No matter what conclusions can be drawn from Dr. Baden’s work, Mr. Brown’s death remains marked by shifting and contradictory accounts more than a week after it occurred. The shooting is under investigation by St. Louis County and by the F.B.I., working with the Justice Department’s civil rights division and the office of Attorney General Holder.

I would be suspicious of any rhetoric that tries to do an end-run around this basic, axiomatic fact.

  1. It’s been alleged that there were “eyewitnesses” to the shooting. How many were there, and what exactly did they see?
  2. A meta-question about eyewitness testimony: how reliable is it, and how should we assess it in this case?
  3. A meta-question about police-generated testimony: how reliable is it, and how should we assess it in this case?
  4. Another set of meta-questions: must we always wait for the verdict in a criminal trial before we offer moral verdicts on a criminal case? After all, criminal trials can last for years—and if appeals are figured in, for decades. Will it only be permissible to discuss Ferguson after the last appeals are exhausted in the last case on the matter? Can’t evidence of guilt or innocence sometimes be sufficiently transparent as to justify a moral verdict prior to any official legal adjudication of the case?
  5. Is it ever justified to use a weapon against someone who’s unarmed? Is it ever justified to shoot such a person with a firearm?
  6. It’s been alleged that Michael Brown was robbing a convenience store before he was shot. Did Officer Wilson know this or not? Suppose he did know it. Is the fact relevant to the justifiability of shooting Brown or not? Suppose he didn’t know it. Could it still in principle be relevant?
  7. The Ferguson police released the video of Brown’s supposedly robbing the convenience store; others, including the Justice Department, have criticized this decision on the grounds that it encouraged rioting. Should information in a criminal case be suppressed simply because it will lead to rioting or violence (and for no other reason)? (Incidentally, what exactly does the video show? Robbery? Larceny? Battery? Police testimony aside, how many of us can be certain that the central figure in the video is Michael Brown?)
  8. Suppose that the evidence of Michael Brown’s being murdered by Officer Wilson turns out to be slim. Couldn’t it still be the case that he was murdered? How do we deal with the fact that the Officer Wilsons of the world can in principle get away with murder precisely because despite being guilty, evidence of their guilt is so inconclusive?*
  9. In many courts of law, a police officer’s testimony is regarded as more weighty than an ordinary citizen’s—even when the police officer is accusing the citizen of a crime, and the citizen is supposed to enjoy a presumption of innocence. If we apply that “principle” here, we reach the conclusion that Officer Wilson’s testimony ought to trump that of the eyewitnesses to the shooting. What inference should we draw?

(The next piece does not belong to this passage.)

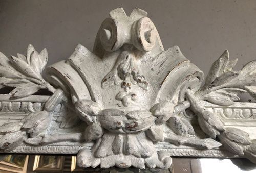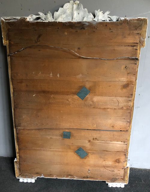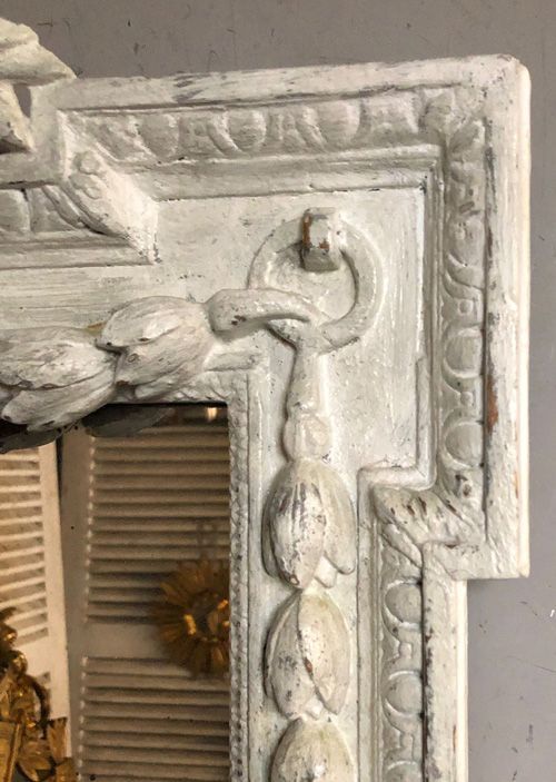 Ref 8225 - Antique French Mirror - Worn pale grey painted Napoleon III period crested antique mirror with gesso decoration to frame. Original sparkly mercury glass. Original pine board back. Circa 1850.

The protests, the rioting, the response

  1. What, exactly, is the causal connection between the shooting and the rioting?
  2. Allegations have been made about the pervasive racism of the Ferguson Police Department, and of Ferguson in general. How good is this evidence, and how relevant is it to judging the police response to the protests?
  3. How much violence has there been, and how bad has it been in aggregate?
  4. Can it ever be justified to loot, vandalize, or riot? Suppose, for instance, that racism is Ferguson is pervasive, and has gone unaddressed for decades. Suppose, further, that rioting will bring this racism to light. Suppose that rioting is (as a matter of historical fact) the best way of publicizing racism and eliciting a response (cf. the Kerner Commission Report). Is rioting then justified?
  5. It’s been alleged that the police response to the protests has been excessive. What would a proportional response be or have been? As a conceptual matter, can a proportional response to a threat be insufficient to neutralize the threat?
  6. It’s been alleged that the police response to the protests has been indiscriminate as between protesters and rioters. Is discrimination possible or feasible? Again, as a conceptual matter, suppose that discrimination is feasible, but makes it impossible to neutralize a threat. Should discrimination be trumped by the need to neutralize the threat, or should the need to neutralize be trumped by adherence to the principle of discrimination?
  7. Do non-violent protesters have a moral or legal obligation to separate themselves from violent protesters, so as to facilitate the police’s capacity to neutralize the latter? (This question is really a special case of a more general one: do we have a moral obligation to refrain from taking actions that, though legal in themselves, facilitate illegality?)
  8. Is a curfew a justified response to what is happening in Ferguson? Suppose that it it’s not. Is it justified to defy the curfew? Suppose that it is. If a police officer tries to stop a curfew-violator, is that curfew-violator justified in using force against the police?
  9. A long-form question: As a historical matter, why have the police become so militarized in the United States? As a normative matter, is there any legitimate reason for militarization? (Reason Papers 36.1 isn’t live yet, but I’m tempted to link to parts of our Waco symposium for this question.)
  10. Is there a general problem with police non-accountability in the United States, extending beyond Ferguson, and beyond issues of race?
  11. A deep theoretical question: is there any reason to believe that what happened in Ferguson could not have happened, in substantially** the same way, under anarcho-capitalism? Would anarcho-capitalism have made things better–or worse?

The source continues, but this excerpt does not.